Misconceptions about Aboriginal people:

  • Mum Shirl corrects what she believes are common misconceptions about Aboriginal people. For example, she dismisses the view that Aboriginal people were scared of the spirits that came out at night, by informing the reader that the same spirits exist during daylight hours. (p.7)
  • Mum Shirl also counters the belief that Aboriginal people “love to live on the social services.” (p.48)
  • Mum Shirl also believes that white people make negative generalisations about Aboriginal people, ignoring their diversity.

Colonial history:

  • Mum Shirl gives an account of the colonization of Australia. She describes the bloody conquest of Aboriginal people, followed by the establishment of missions where they might “die out quietly”.
  • Mum Shirl then described how missionaries controlled and infantilized Aboriginal men and women. (p.10)
  • Mum Shirl states that Aboriginal councillors where appointed – as they were at Erambie – they were not given any real power.
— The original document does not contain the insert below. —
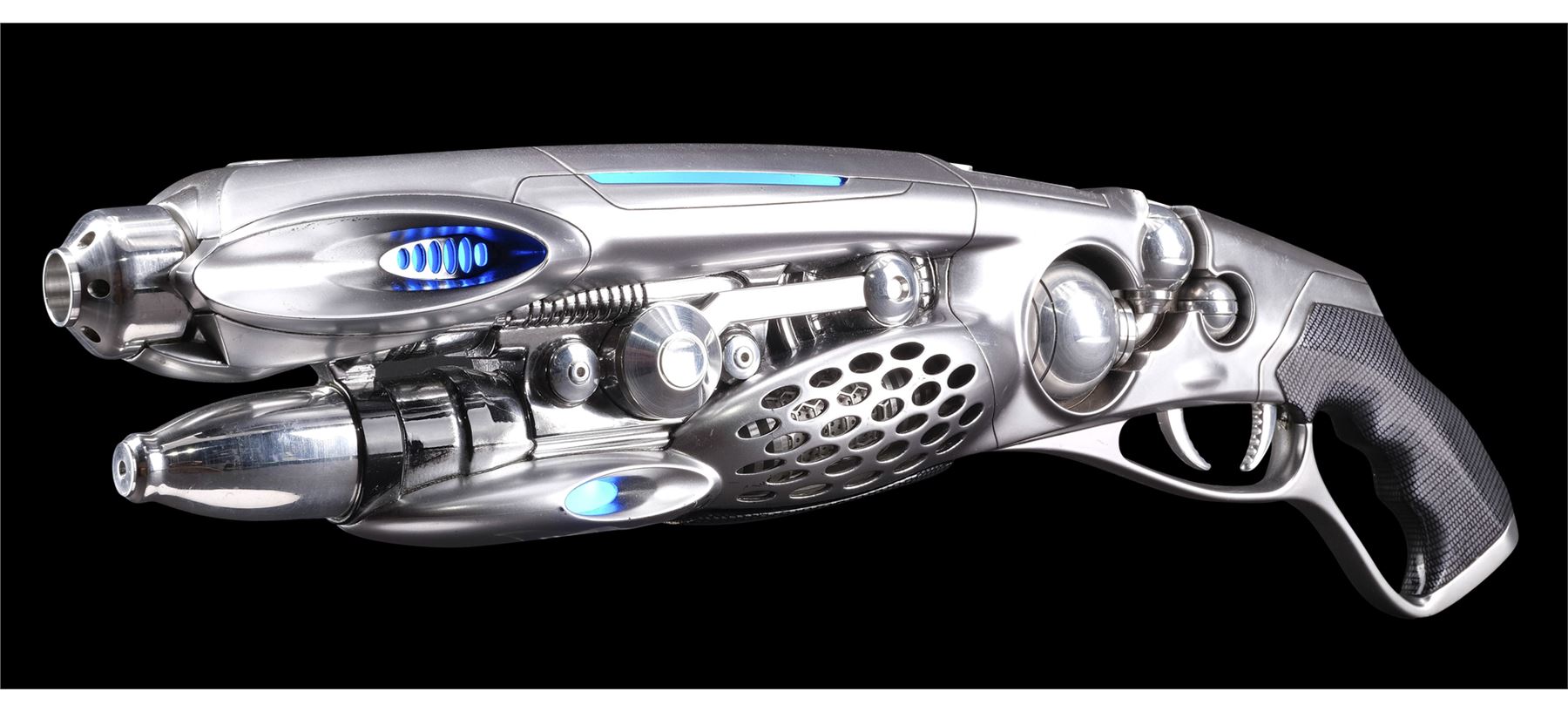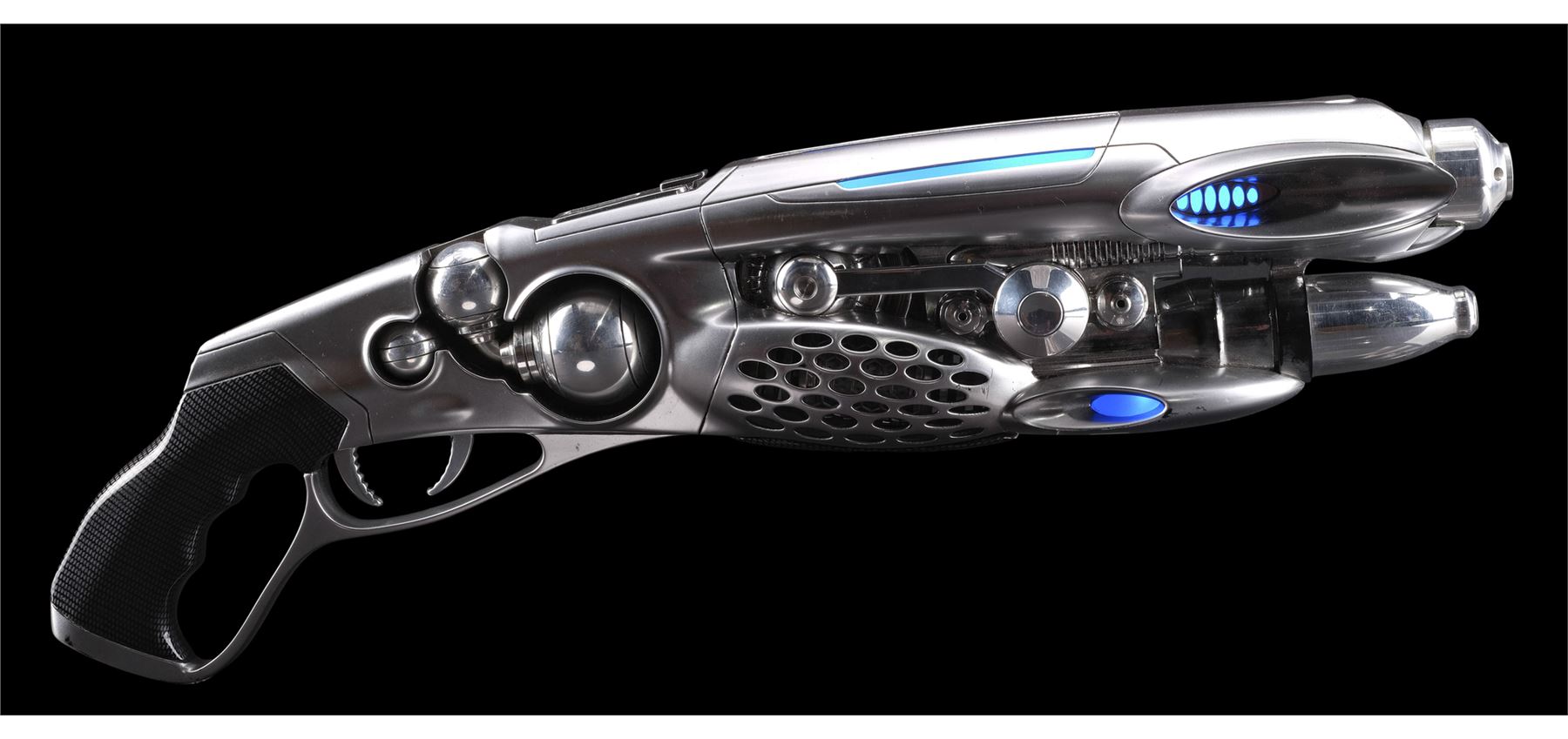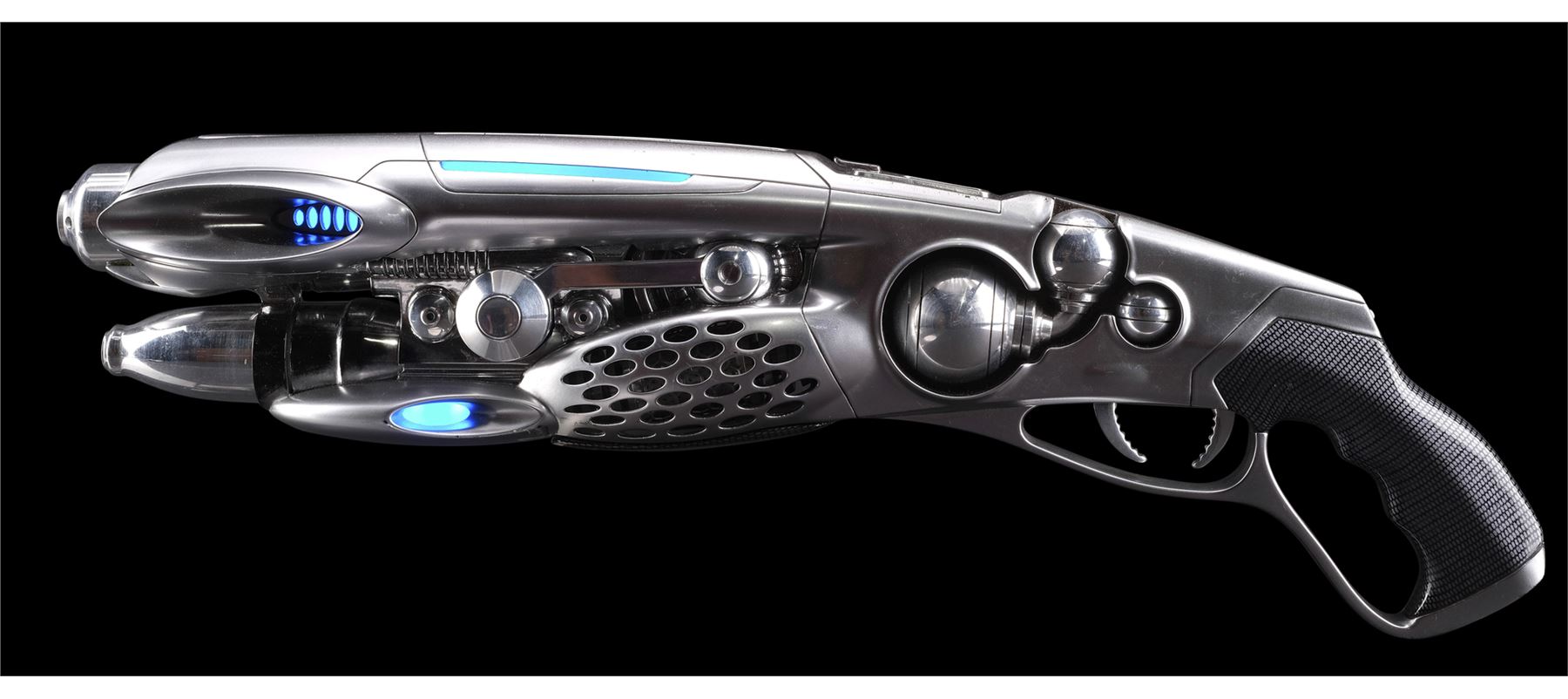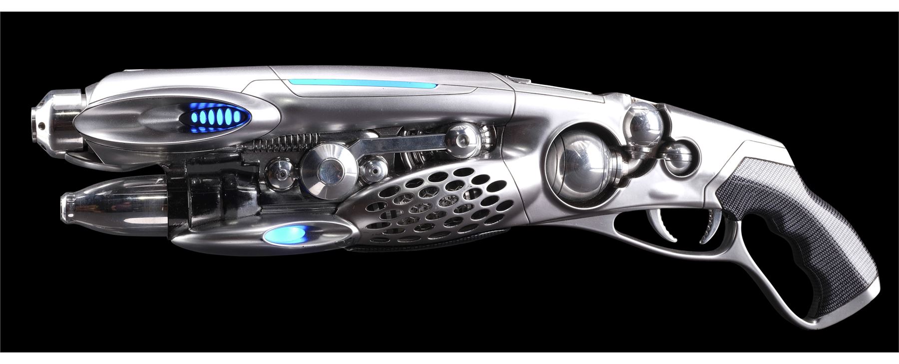 MEN IN BLACK 3 (2012) - Agent Kay's (as played by Tommy Lee Jones) Light-Up Shotgun - Agent Kay's (as played by Tommy Lee Jones) shotgun from Barry Sonnenfeld's Men in Black 3. After a brief phone call with his partner Agent Jay questioning Agent Kay's past and connection with Boris the Animal, Agent Kay retrieved his shotgun from his weapons stash in his apartment that sent him through a time portal when he activated it.

Mum Shirl gives personal evidence of this historical reality: she recalls that her grandfather was expelled from the mission, despite her father being a member of the Council. (p.11)
  • Mum Shirl retells a rumor that some Aboriginal people hoped that the Japanese would win World War II, so that they would rid the continent of Europeans.

Social problems:

  • Mum Shirl gives her analysis of various social problems she has experienced in urban Aboriginal communities, including interpersonal violence, self-harm, unemployment, crime and drug abuse. She places the main emphasis on poverty and discrimination. She points out that the “black community has got so little, to be shared between so many,” and that situation often leads people to resort to crime. (p.51)
  • Relaying two scenarios in which Aboriginal people resorted to violence, Mum Shirl isolated a common factor: they were stuck in an alienating, non-Aboriginal environment - such as a prison or a school. (p.7) She also believes that Aboriginal people are denied employment, which leads to many other social problems.
  • Mum Shirl also explains murder, the crime that had affected her most, as a symptom of discrimination and disadvantage.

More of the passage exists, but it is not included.